===== RAW DATA

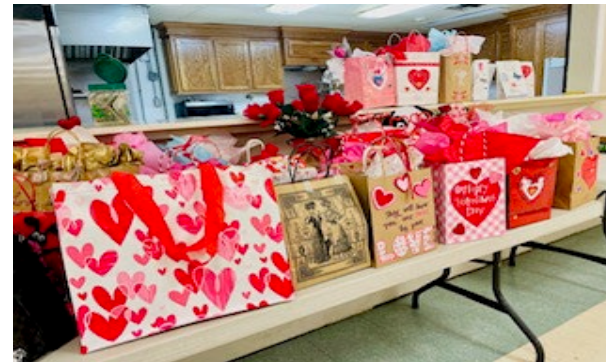
VALENTINES BAG EXCHANGE at our February Meeting!! Hard to choose with all the beautiful bags!!
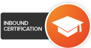
Hubspot Inbound certificate
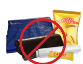
PLASTIC WRAP, FILMS, OR TARPS
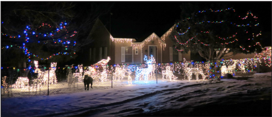
Above: In December, this yard in historic downtown Monument lit up the dark nights with 25 deer decorations... and one real guard dog. Right: These homeowners on East Caribou Drive chose a vintage red truck with a Christmas tree in the back to celebrate the season and cheer up neighbors. Below: One home in Arrowwood III illuminated dozens of Christmas decorations on Dec. 23 including Santa and his sleigh, Rudolph the Red-Nosed Reindeer and the Abominable snowman, Santa driving a railroad train, The Grinch and his dog Max, Olaf the Snowman and Sven the Reindeer from Frozen, and a variety of other snowmen and elves.
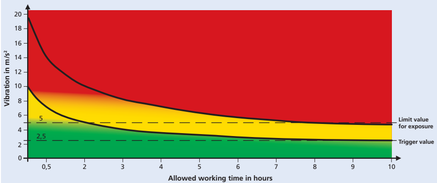
Limit values for vibration

The new reinforced grinding wheel WHISPER from PFERD significantly reduces vibration compared with conventional reinforced grinding wheels.
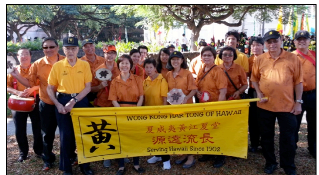
WKHT Marching Unit all ready to march down Hotel Street to River Street with gusto and enthusiasm.
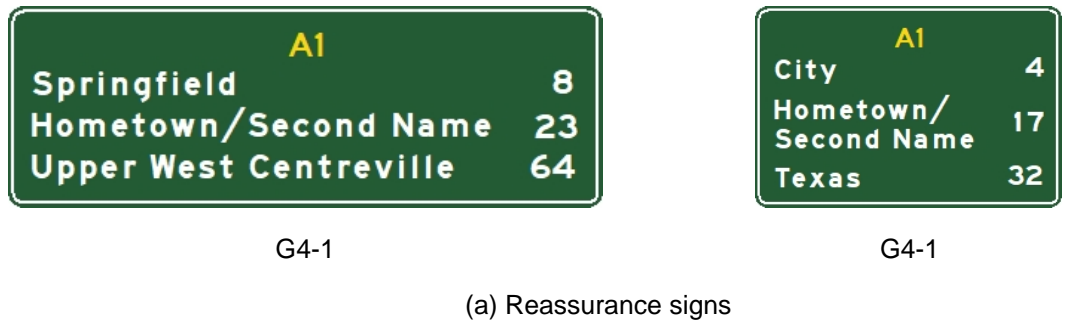
Figure 1.6.13 - Example signing of dual named places
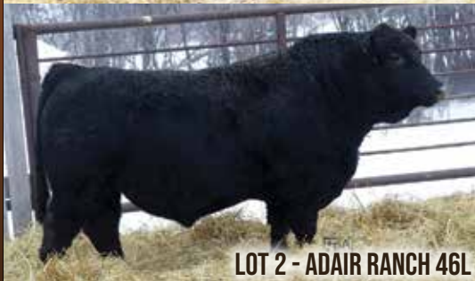
LOT 2 - ADAIR RANCH 46L
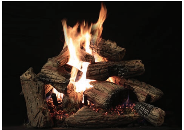
Kensington Forest (LKF) Ceramic Fiber Log Set
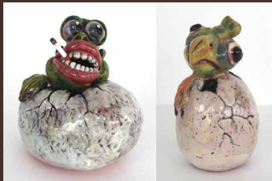
Aboo, 13 × 14 cm, ceramic
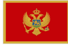
Government of Montenegro
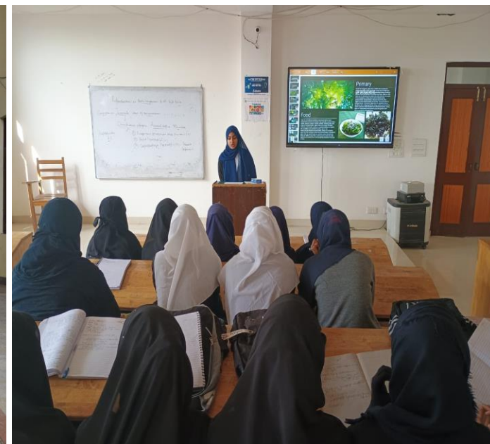
Glimpses of College
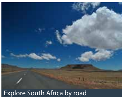
Explore South Africa by road
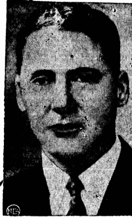
GOP ADVISER — Former Sen. John Sherman Cooper, Kentucky Republican, was named by Secretary of State Dean Acheson as his adviser at the forthcoming Big Three Foreign Ministers Conference in London.
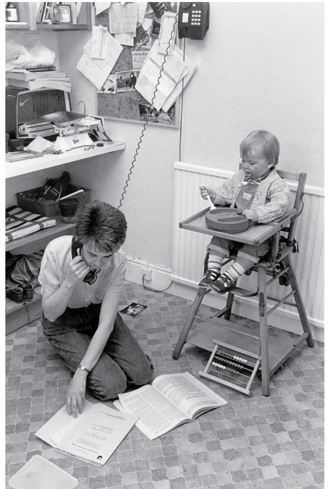
Telephone tutorials enabled those who could not attend face-to-face tutorials to receive support.

offshore platforms, and incarcerated people, among others.
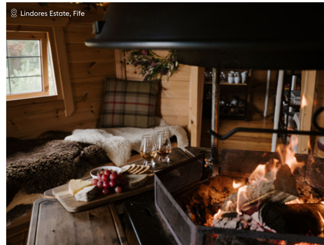
📍 Lindores Estate, Fife
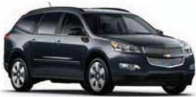
Black Granite Metallic 1,2
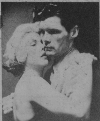
Deborah Harry & Pat Benatar in 'Union City'.
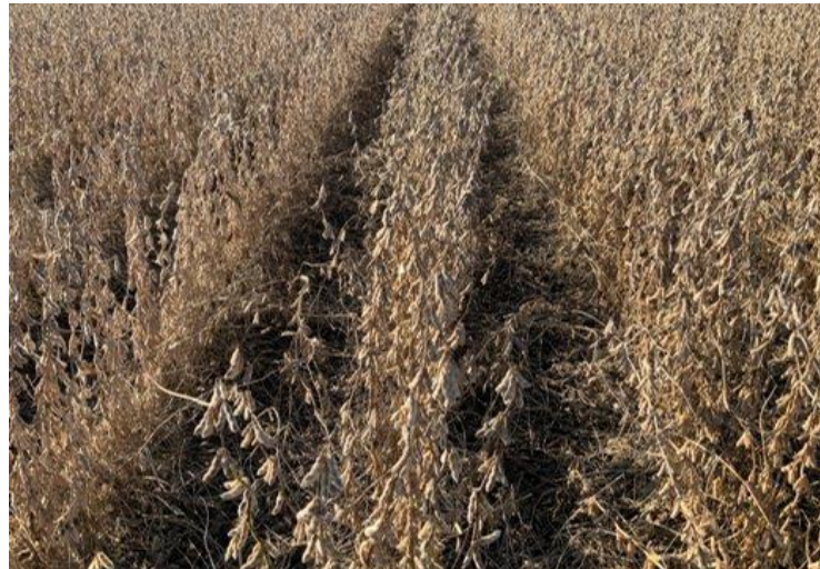
P45A79E™ at Harvest
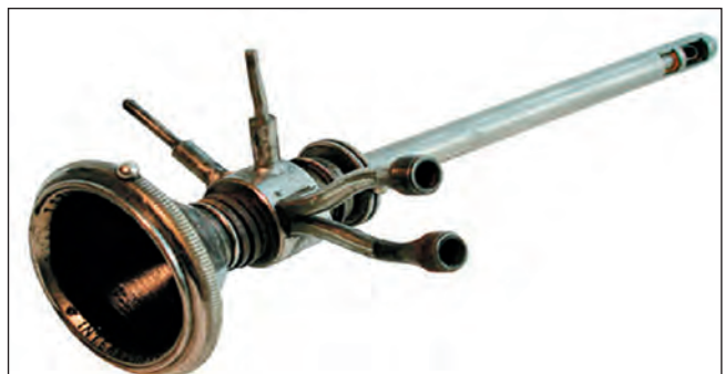
Fig. 2. Max Nitze (1848 - 1906) and the cystoscope he invented.
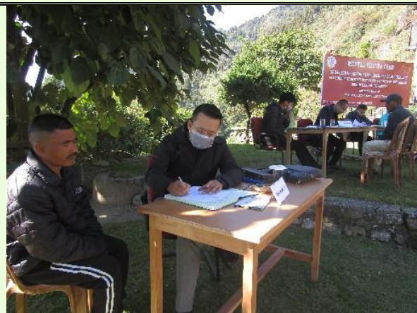
Legal awareness programme on the occasion of Human Rights Day on 10th December 2025 and Consumer Day falling on 24th December 2025 at State Central Prison, Rongyek on 10.12.2025
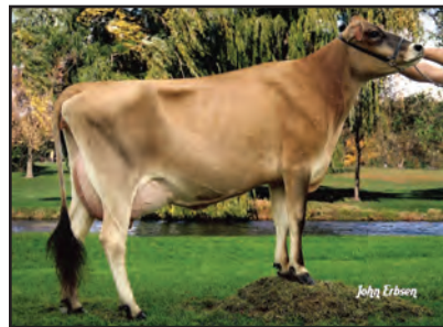
NOBLEDALE VICTORIAS SYDNEY-ET Fourth Dam of Lots 30A-30C
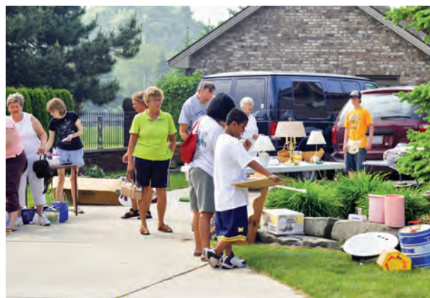
■ yard sale

yard 2 (yärd) noun 1. A piece of ground near a building: I mowed the grass in the side yard. 2. An area, often fenced, that is used for a purpose or business: We took our old car to the junk yard. 3. An area where railroad cars are stored, repaired, or joined together to form a train.
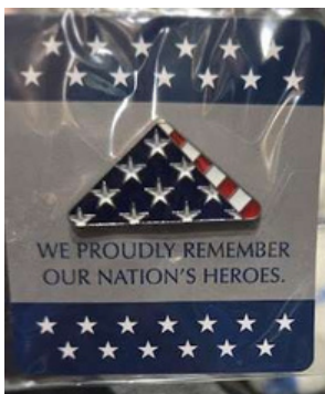
#13. Folded Flag Pin $5.00
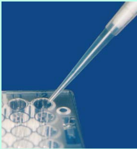
Add Extraction Buffer, controls, and sample extracts
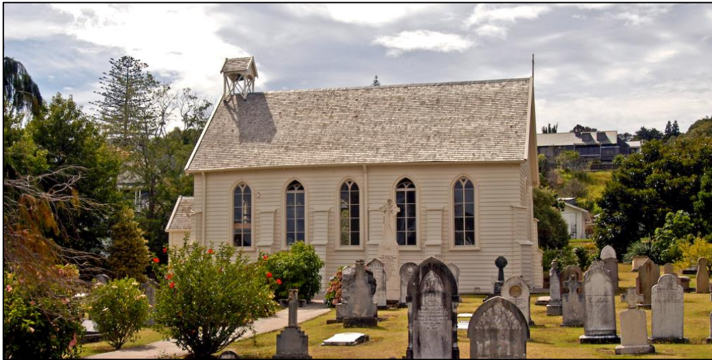
Christ Church, Bay of Islands

during the cruise. On your return voyage, make a stop at Urupukapuka Island for a swim or stroll around Otehei Bay.
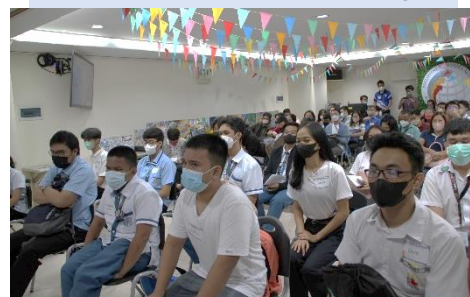
A photo of the students who participated in a different contest during the celebration in the 33rd National Statistics Month.
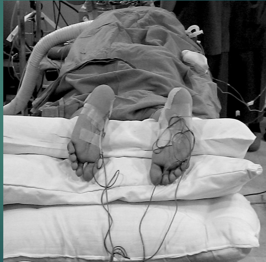
Spinal cord monitoring
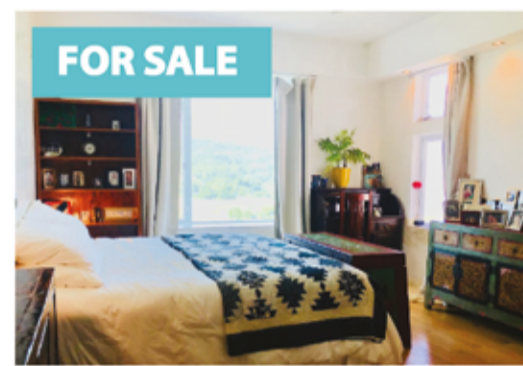
Hellene Gardens HKD 9,988,000
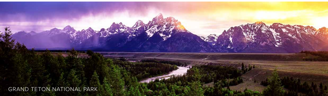
GRAND TETON NATIONAL PARK

UNCOMMON JOURNEYS | DISCOVER WHAT MOVES YOU

==========

- [TRY IT]
Look for the string "named" in the entries above. Copy every line that has it.

- [SOLUTION FOR THIS TASK]
Figure 1.6.13 - Example signing of dual named places
GOP ADVISER — Former Sen. John Sherman Cooper, Kentucky Republican, was named by Secretary of State Dean Acheson as his adviser at the forthcoming Big Three Foreign Ministers Conference in London.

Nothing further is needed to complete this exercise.